Carol, agree! It's a drum I've banged before here on SFN. Please don't correct other people's spelling - that person might struggle on a daily basis with dyslexia, or in many cases, English is not their mother tongue.

Its American and therefore wrong.....;-) then again it's a word that it used and often (spelled or spelt...according to whether you use US or UK spelling) in the UK with an 'n'. Language changes with time and is a living entity. Also maybe a little unkind and unnecessary to correct others spelling.

I thought you were NOT allowed to work for one client as an AE?

Carol, the free dictionary is free because no-one would pay for it as it is not correct.

The French word for a person who owns or runs a restaurant is restaurateur, with no n, and this is the spelling used most often in English, especially in edited writing. Restauranteur, with an n, appears in English about once for every ten instances of restaurateur. But while this spelling is common and has a long history, many people consider it wrong.

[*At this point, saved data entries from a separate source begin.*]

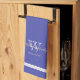 Toalla de cocina azul y blanca elegante con monograma de regalo de inauguración de casa y nombre de familia. Diseño de monograma blanco personalizado con el apellido de la familia del novio y la fecha de establecimiento impresa en letras de color crema claro sobre un hermoso fondo azul. Un regalo único para recién casados. Precioso para su nueva vida juntos, hace un hermoso regalo de inauguración de casa o regalo de fiesta de compromiso. Haga clic en Personalizar esta plantilla para personalizarla con la inicial del apellido del monograma, el nombre de la familia y la fecha de establecimiento de manera rápida y sencilla. Disponible con un delantal y una manopla a juego, todos están disponibles en la Colección de regalos para recién casados y bodas de esta tienda, que ofrece una amplia gama de artículos de regalo personalizados únicos y imprescindibles para regalos para recién casados y regalos de inauguración de casa. Envío rápido a todo el mundo.
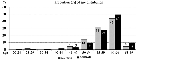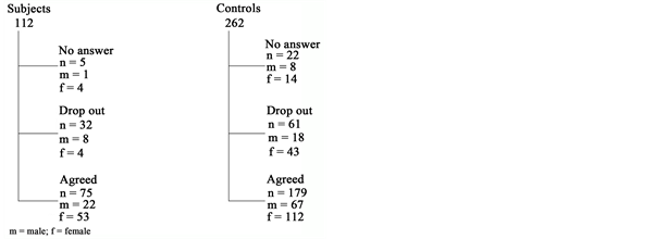 The individuals who refused to participate to this study had the same education level, age and sex distribution as the participating individuals. One male subject could not be contacted after initial inclusion in the study, and one female subject dropped out of the study before the psychological test was administered. 37 individuals refused to participate (9 males and 28 females) in the study. The mean ages of the male and female participants who refused to participate in the study group were 59 years (standard deviation (SD), 3.61) and 61 years (SD, 4.46) years, respectively. A total of 31 participants had a primary school level of education, and 34 had no vocational education. More matched controls than subjects refused to participate in this study. The complete information for the participants of this study is in the Table 1 [2] .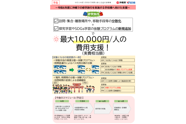 この事業では、令和6年度に沖縄での修学旅行を実施する学校様を対象に、「訪問・集合・離散場所や、移動手段等の分散化」と「探究学習やSDGs学習の体験プログラムの新規追加」の2つの条件を満たす修学旅行について、体験プログラムの新規追加に伴う費用の支援を行います。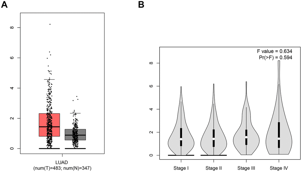 Ang 1-7, the product of ACE2, was confirmed to inhibit the proliferation of human lung cancer cells through interaction with the Mas receptor (MasR) [23]. Ang1-7 not only reduces the size of human lung tumor xenografts in vivo but also markedly decreases their vessel density [24–26]. Thus, the expression level of ACE2 in LUAD would influence the cancer progression. To compare the ACE2 level between LUAD and normal tissues, sequencing data of a total of 830 samples (347 normal tissues and 483 LUAD tissues) were obtained from the TCGA database (Figure 1). In LUAD patients, a higher expression level of ACE2 was detected while there was no significant difference among various stages of LUAD. Due to the function of combining with S glycoprotein, higher ACE2 level might lead to increased risk of SARS-CoV-2 infection.
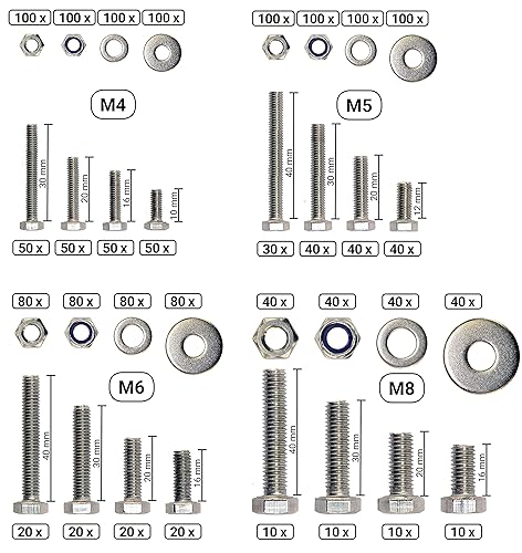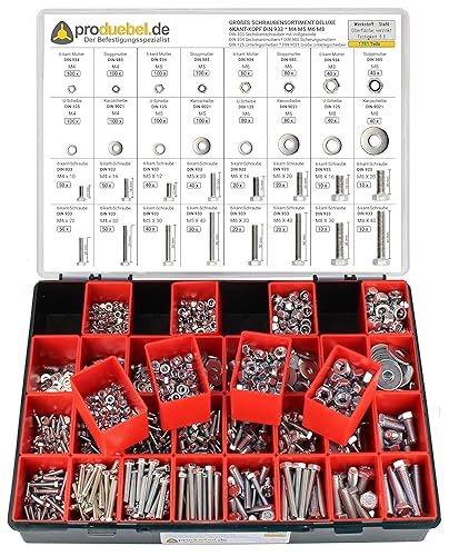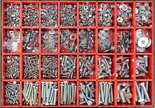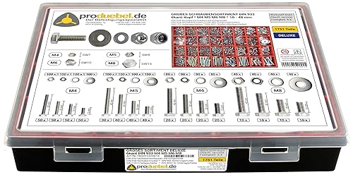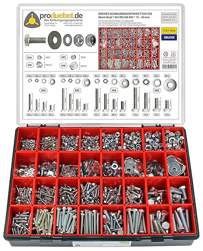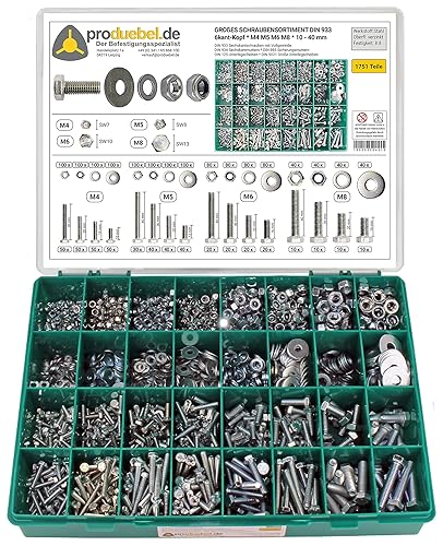 Großes Schrauben-Sortiment DIN 933 M4/M5/M6/M8 Stahl verzinkt (DIN933+934+985+125+9021) 1751-tlg (Standard-Box)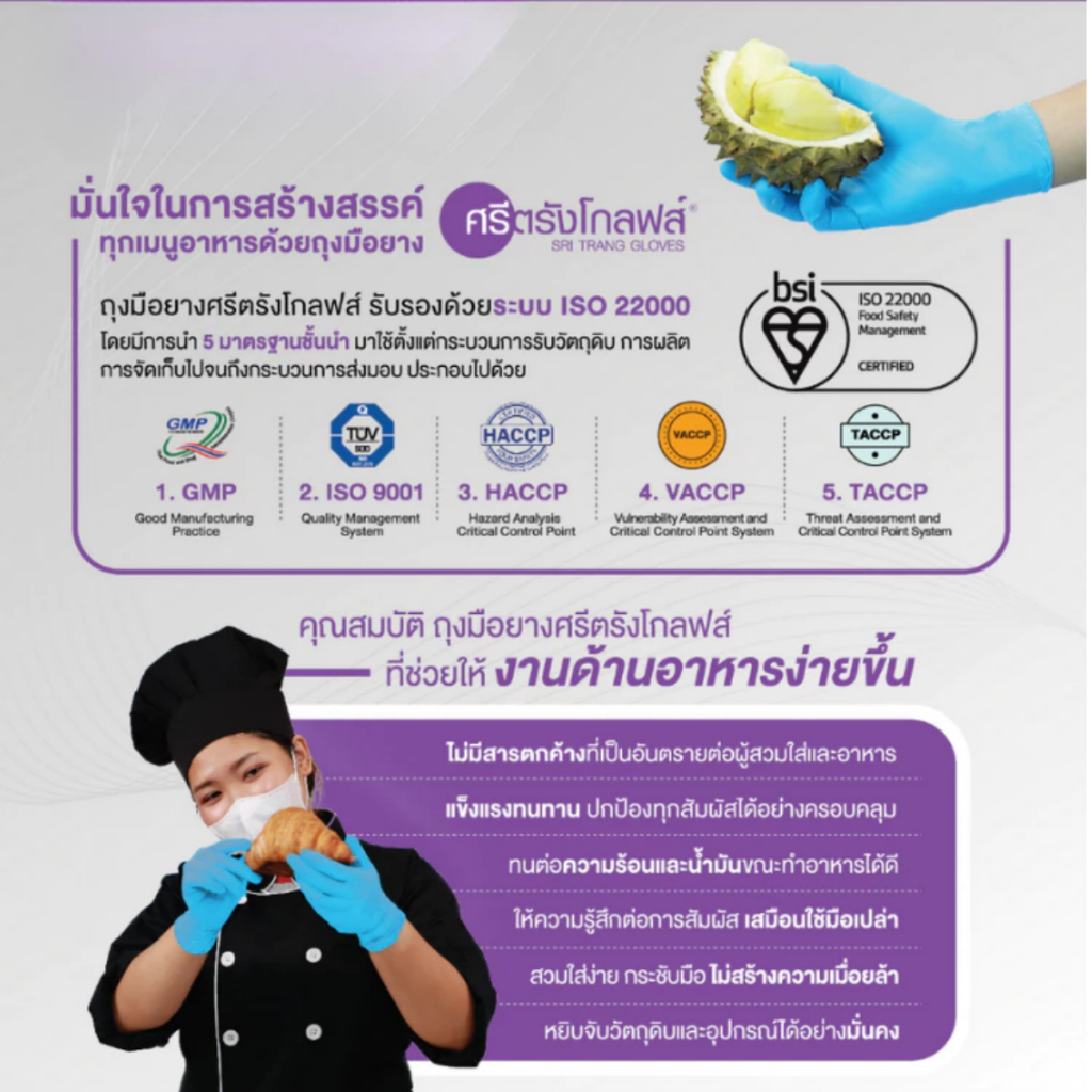 ซาโตรี่ ถุงมือยางธรรมชาติแบบมีแป้ง ชนิดนี้มีการปรับความหนาให้บางเบาสะดวกสบายช่วยให้การทำงานมีความไวต่อผิวสัมผัสได้ดี ขณะที่สามารถมั่นใจในประสิทธิภาพการปกป้องที่เชื่อถือได้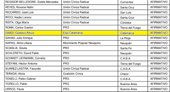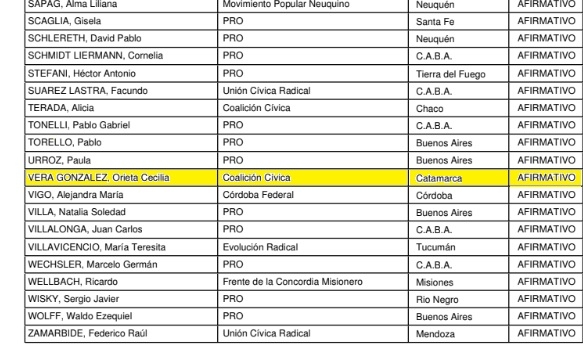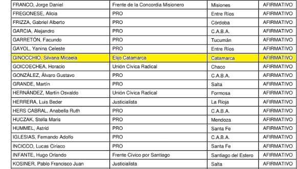 En el caso de los legisladores catamarqueños, todos –salvo Verónica Mercado que votó en contra- apoyaron el proyecto del gobierno nacional. Los votos a favor a continuación:
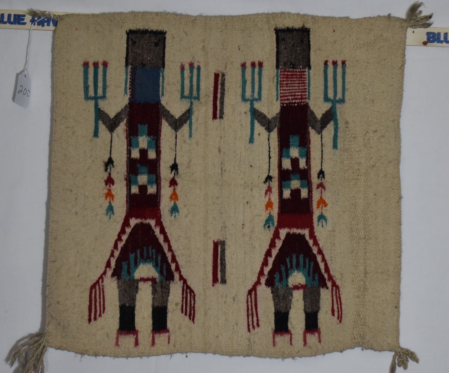 1970-80's Navajo Indian hand woven two figure Yei design 16" x 16"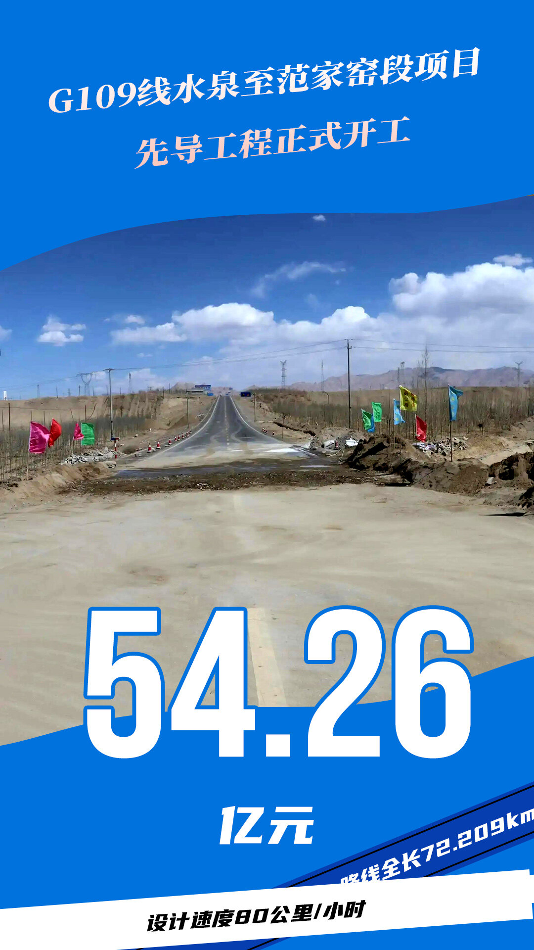 据介绍,G109线甘肃水泉至范家窑段建设项目是纳入国家政策性开发性金融工具(基金)支持的项目之一。项目起点位于G6京藏高速公路王家山收费站连接线与G109线平交口处,终点与已建成的G341线范家窑互通顺接,路线全长72.209km。主线采用双向四车道一级公路设计标准,设计速度80公里/小时,全线设置桥梁5025米/39座,隧道920米/1座,互通立交3处(王家山、杨家台、吴家川),服务区1处,主线收费站2处(含收费广场),改造现有养管站2处,总投资为54.26亿元。该项目建成后能够更好地发挥G109线、G6京藏高速公路之间集散公路及干线公路的功能。

The Oxford English Dictionary notes restauranteur as originally from the U.S. and lists examples from as far back as 1859, though a historical Google Books search covering the 19th century uncovers no more than a handful of instances of restauranteur. Many more examples are found in texts from the first half of the 20th century, including many from outside the U.S. Today, the misspelling appears about equally often throughout the English-speaking world.